Extracted records Block Start

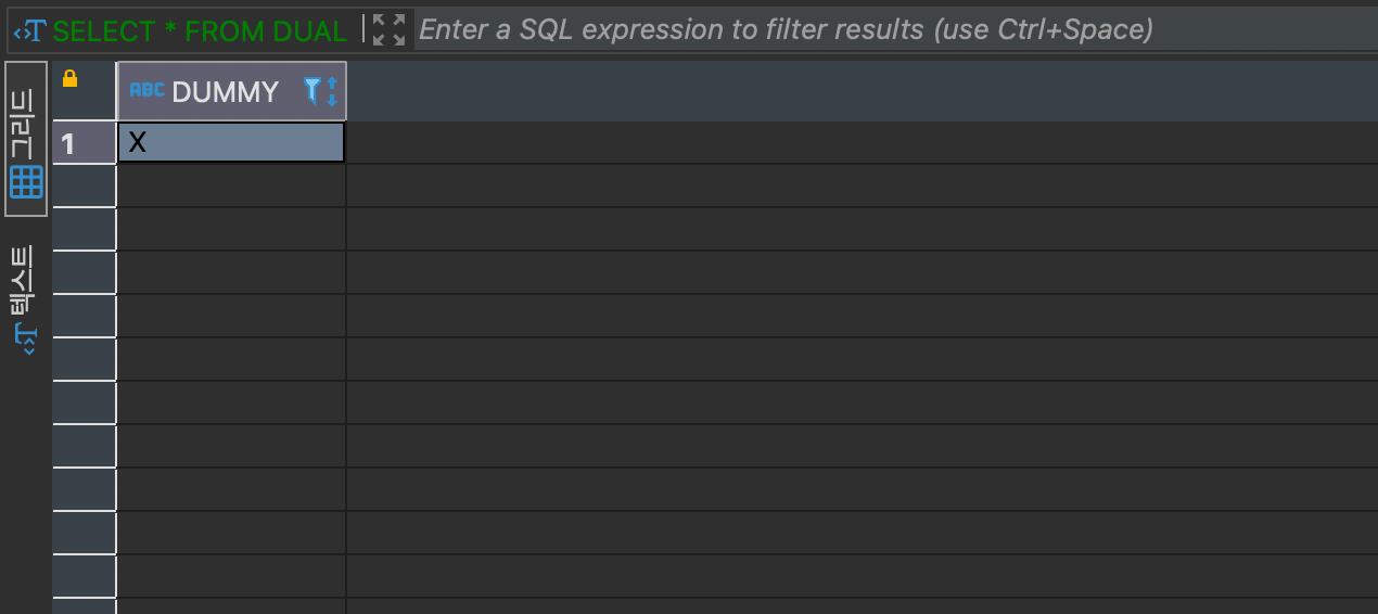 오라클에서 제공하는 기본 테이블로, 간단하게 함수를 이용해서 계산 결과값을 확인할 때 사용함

Extracted records Block End
Extracted records Block Start

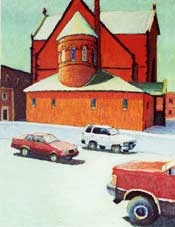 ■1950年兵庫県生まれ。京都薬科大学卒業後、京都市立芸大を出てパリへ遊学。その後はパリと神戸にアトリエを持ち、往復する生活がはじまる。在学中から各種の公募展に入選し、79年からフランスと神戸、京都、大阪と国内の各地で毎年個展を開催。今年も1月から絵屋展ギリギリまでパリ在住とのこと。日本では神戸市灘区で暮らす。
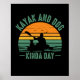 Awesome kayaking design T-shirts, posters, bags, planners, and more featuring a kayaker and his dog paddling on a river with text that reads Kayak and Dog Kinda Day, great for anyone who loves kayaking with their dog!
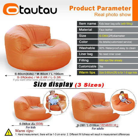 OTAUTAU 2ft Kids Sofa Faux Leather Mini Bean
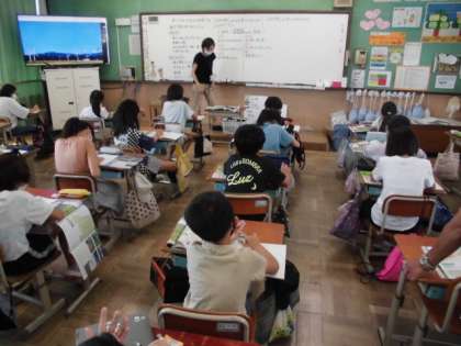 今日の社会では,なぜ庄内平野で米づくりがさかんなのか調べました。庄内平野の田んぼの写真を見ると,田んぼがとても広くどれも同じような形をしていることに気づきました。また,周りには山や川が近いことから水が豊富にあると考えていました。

Extracted records Block End

**What you need to do:** Would you copy the lines above exactly, starting with the one that has "Awesome kayaking design" and ending with the one that has "今日の社会では,なぜ庄内平野", both included, without the pictures?

**Output for this task:**
 Awesome kayaking design T-shirts, posters, bags, planners, and more featuring a kayaker and his dog paddling on a river with text that reads Kayak and Dog Kinda Day, great for anyone who loves kayaking with their dog!
 OTAUTAU 2ft Kids Sofa Faux Leather Mini Bean
 今日の社会では,なぜ庄内平野で米づくりがさかんなのか調べました。庄内平野の田んぼの写真を見ると,田んぼがとても広くどれも同じような形をしていることに気づきました。また,周りには山や川が近いことから水が豊富にあると考えていました。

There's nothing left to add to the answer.